Of few days, and full of trouble ... and laughs

Advance publicity for Catherine Ryan Hyde's "Electric God" claims that it's a modern retelling of Job.

I should think that's hardly a selling point. After all, most country-western music is a modern retelling of Job, but that allusion doesn't sell records. (e.g. "My dog dieth, my truck breaketh, and my honey she leaveth me.")

Yes, Hyde has constructed her novel around biblical themes of tragedy and forgiveness, but "Electric God" is also one of the most entertaining novels I've read this year. Imagine if Fanny Flagg had written the Old Testament.

(The book won't appear in stores till later this fall when a movie based on Hyde's previous novel, "Pay It Forward," opens in theaters.)

At the start of "Electric God," Hayden Reese is having a pretty bad 50th birthday: He doesn't have a job. His family is gone. His girlfriend dumps him. And yes, his dog dies.

The baby opossum he finds by the highway is suddenly the most important thing in his miserable world. Something visceral is obviously working on Hayden. His need to care for helpless creatures is so strong that he breaks the vet's jaw when the opossum dies.

In fact, Hayden's temper has broken just about everything. Convinced God doesn't have the guts to show His face, over the years Hayden has beaten a variety of people close to death.

The sheriff, his only real friend, shakes his head: "Seems like you've had more than your fair share of trouble."

"Seems like," Hayden answers.

"Some'd say you bring a lot of it on yourself, though. There'd be those who might reason you're practically out there looking for all the trouble you can lay in store."

"I hope I never have to meet them and hear it for myself, then."

"Oh, they're all around you, Hayden. It's just, nobody's quite so sure of you as to say a thing like that to your face."

"You just did."

"I got you cuffed, though."

"Anybody can have a bad day."

In fact, Hayden's bad day has been going on for 15 years. The novel's middle section jumps back to 1971 when Hayden, his wife, and their little girl are enjoying a busy, happy life. They hardly have the riches of Job, but his wife is in medical school and

their daughter is at that age of almost unbelievable cuteness.

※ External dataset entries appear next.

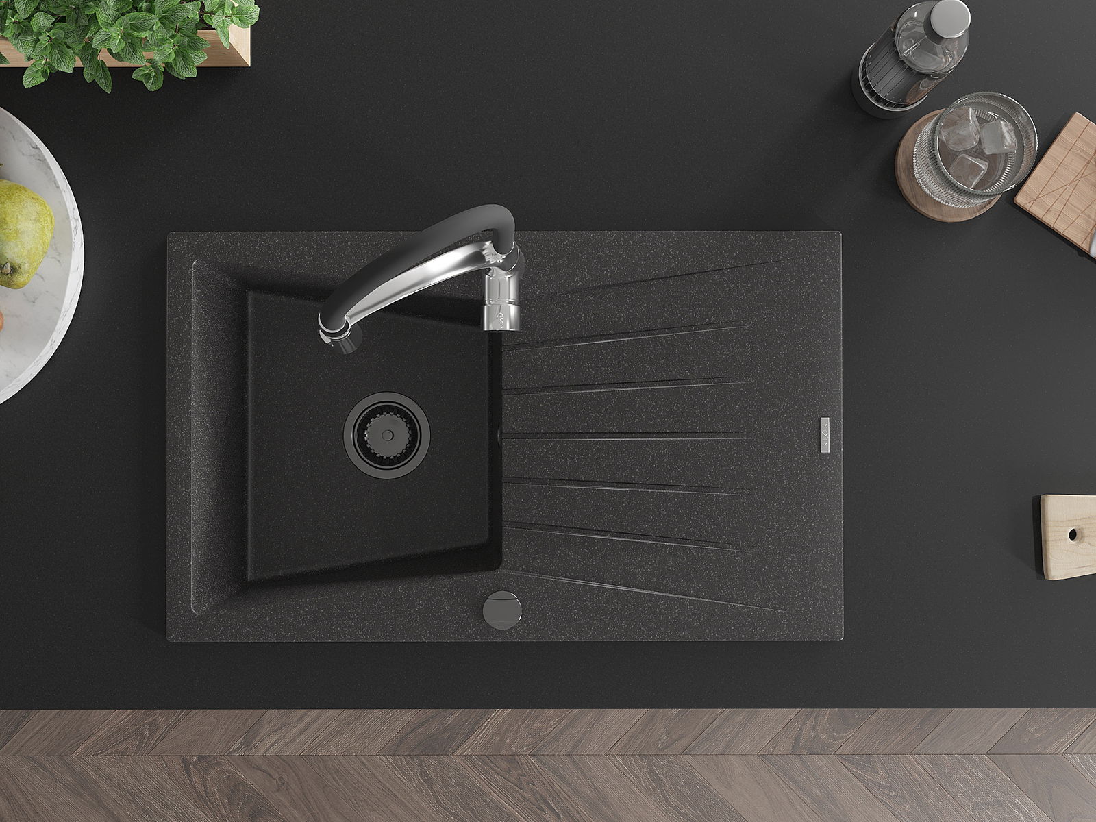 L'évier est fabriqué en granit de haute qualité. Il constitue un complément élégant et surtout pratique pour toute cuisine, quel que soit son style. La qualité et la durabilité du granit garantissent de nombreuses années d'utilisation.
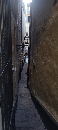 Mårten Trotzigs gränd is an alley in Gamla stan, the old town of Stockholm, Sweden. Leading from Västerlånggatan and Järntorget up to Prästgatan and Tyska Stallplan, the width of its 37 steps tapers down to a mere 90 centimetres, making the alley the narrowest street in Stockholm.
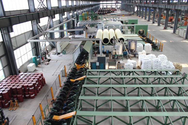 山東勝利泡沫噴涂保溫生產(chǎn)線可滿足管徑DN500—DN1600、保溫層厚度30—120mm、PE層厚度4.5—15mm的保溫管生產(chǎn),年生產(chǎn)能力達(dá)到110km。該生產(chǎn)線采用先進(jìn)的雙槍式連續(xù)聚氨酯噴涂系統(tǒng),噴涂機(jī)采用美國(guó)固瑞克 GRACO H-40型,可連續(xù)噴涂8-12小時(shí)而不需要清理噴槍。聚乙烯連續(xù)纏繞擠出機(jī)采用克勞斯瑪菲公司產(chǎn)品。生產(chǎn)線采用“噴涂纏繞法” 成型工藝,具有整體性能好、鋼管保溫粘接力優(yōu)、抗壓能力強(qiáng)、保溫層厚度噴涂靈活、外護(hù)層厚度薄等優(yōu)點(diǎn)。經(jīng)拋丸處理后的鋼管旋轉(zhuǎn)通過(guò)泡沫噴涂區(qū),噴涂機(jī)將一定壓力的異氰酸酯(黑料)和組合聚醚(白料)原料壓入噴槍的混合室內(nèi),進(jìn)行高速混合;噴槍將混合均勻的聚氨酯原料以傘形、霧狀形態(tài),均勻噴涂在螺旋前進(jìn)的鋼管上。聚氨酯原料在一定時(shí)間內(nèi)自由發(fā)泡,從而形成泡孔細(xì)密而密度均勻的聚氨酯泡沫;聚氨酯泡沫逐層噴涂至鋼管表面后,聚氨酯涂層逐層沉淀、熟化和固化,達(dá)到一定抗壓強(qiáng)度和厚度,當(dāng)聚氨酯表面硬化達(dá)到一定的抗壓強(qiáng)度后就可以上纏繞傳輸線進(jìn)行聚乙烯纏繞,擠出機(jī)擠出聚乙烯膜進(jìn)行多層纏繞,經(jīng)水冷卻后成型,完成保溫作業(yè)。

Then, in a moment of wrenching tragedy, their domestic bliss is derailed. Hyde's story-telling style, always brisk, can knock the wind out of you. In the wake of this accident, Hayden prays, but nobody answers. The complexity of his grief makes all that well-meaning advice about "getting on with it" sound cruel and silly. He questions a priest, but canned references to the unquestionable ways of God don't bring him any solace. "I have always hated the book of Job," he admits.

When the story jumps back further to Hayden's childhood, we discover that his anger has even deeper roots. He was raised by a brutal fundamentalist who should have heard the echo of Jacob and Esau in the way he cruelly favored one son over the other. Finally, a clever twist of the Cain and Abel story leaves Hayden hating himself for failing to save his self-destructive brother from the wrath of the "electric God."

Highlighting these biblical allusions, though, may give the wrong impression. There's nothing heavy handed or scriptural about this engaging novel. Hyde stays carefully out of the way, letting the characters' dialogue carry the story whenever possible. The effect is surprisingly charming, sad, and sweet. The ingredients of even her most sentimental moments are so pure they rarely seem manipulative.

The last section of the book brings us back to the present as Hayden completes his descent into the ash pit. During a shoving match with his girlfriend's husband, he runs up against an opponent he can't beat into submission. When he wakes up after a 10-week coma with a chest full of buckshot, he finally starts to consider God's rhetorical question to Jonah, "Doest thou well to be so angry?"

From this point on, his mental reconstruction is more painful than any physical therapy he has to endure. Having lived a life founded on anger and self-righteous hatred, Hayden finds himself limping uneasily toward forgiveness. No audible answers come from on high, but answers do slowly come.

Hyde has some nerve to reach back to such an ancient, existential myth while plunging forward with a sweet story like this one. But, of course, it takes guts to question that whirlwind.

Not to give anything away, but the Lord blessed the latter end of Hayden more than his beginning. When they're through with "Electric God," readers are likely to feel the same way.